At the end of the 20s of the twentieth century, a new direction in the ornamentation of fabric appeared in the country of the Soviets – propaganda. Its appearance is largely due to the graduates of the faculty, who have formed an active social and political position.
Young artists who graduated from VKHUTEMAS (VKHUTEIN) came to enterprises and made sketches on the theme of industrialization, collectivization, Soviet sports, and so on. As a result, during this period, the propaganda theme becomes so popular that it replaces the traditional ornament. An indicative moment is the fact that in these years more than 5,000 engraved copper floors with floral ornaments are grinded down in factories, considering that its time has passed.
People with this position formed a group of activists, which included students: Nadezhda Poluektova, Leah Raitser and Maria Nazarevskaya. They campaigned for the renewal of textiles, sought to eliminate the gap between textile design and easel art and turn it into a “powerful mouthpiece of propaganda and agitation.”
At the initiative of the artists, the Youth Association of the Association of Artists of the Revolution (OMAHR) created a textile section, which allowed them to regularly exhibit their works, distribute and actively introduce into production fabrics with a plot pattern on topics that are relevant for the new time: air space exploration, electrification, industrialization.
Artists from various factories and manufactories press planes, tractors, combines, seeders, electric lamps, etc. on sketches for fabric. There was also a separate storyline dedicated to: the October Revolution, harvest, physical education, the Red Navy, weavers at the looms, subbotniks, tourism and much more.

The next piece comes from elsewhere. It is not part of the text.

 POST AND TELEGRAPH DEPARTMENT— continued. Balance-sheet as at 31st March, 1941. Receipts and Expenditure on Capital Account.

Popova and Stepanova, which we talked about in the section [ – Текстфак: конструктивизм в ткани – ], made such a huge contribution to the design of textiles that their style and principles of geometrization and stylization were preserved in the works after them. The students made some references to the cogs, wheels and levers on the fabric. There was no volume and there was a pronounced contour of the objects.

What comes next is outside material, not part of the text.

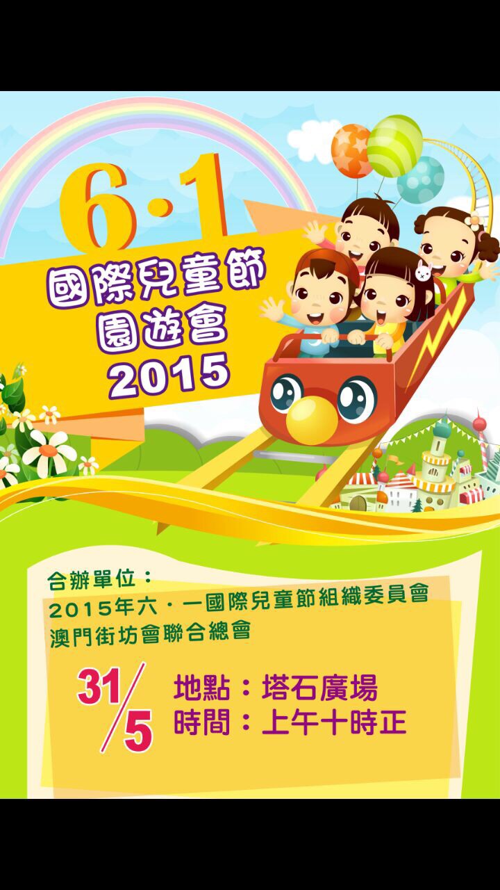 為慶祝六一國際兒童節,澳門街坊會聯合總會與澳門政府合辦「6。1國際兒童節園遊會2015」活動,希望透過大型的園遊會,讓社會大眾感受節日的氣氛,並透過當中的體驗,讓各界關注兒童的發展,培育兒童有健康的成長過程。為著有意義的活動,現招募義工參與,協助園遊會之攤位遊戲,讓活動能得以順利進行。

Poluektova, Raitser and Nazarevskaya aestheticized modernity and dreamed of making mass textiles authorial, depriving them of anonymity, filling them with meanings and ideas.
Unfortunately, this story will be incomplete if I do not say that this style of fabric design, which was born by the text faculty, died out by 1933. Much is connected with this year in the history of creativity in the Soviet Union, but what happened then, this topic, should be devoted to a separate material.

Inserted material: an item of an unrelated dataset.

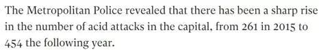 据警方数字,伦敦的硫酸袭击呈现快速上升趋势,已从2015年261件升到2016年454件。

Here I will say that Soviet textiles from constructivist artists began to be criticized in the press in the late 20s, and already in the early 30s they began to be destroyed. Artists were accused of limited subject matter, lack of focus on the socio-political situation. And in 1933, a decree was issued by the Council of People’s Commissars of the USSR on the inadmissibility of the production of fabrics with drawings that vulgarized the ideas of socialism. Thematic fabric design will disappear from the industry for more than 20 years, only to reappear in the mid-1950s, being replaced by a “folk” floral pattern illustrating the country’s abundance.


The author is Roman Kalugin.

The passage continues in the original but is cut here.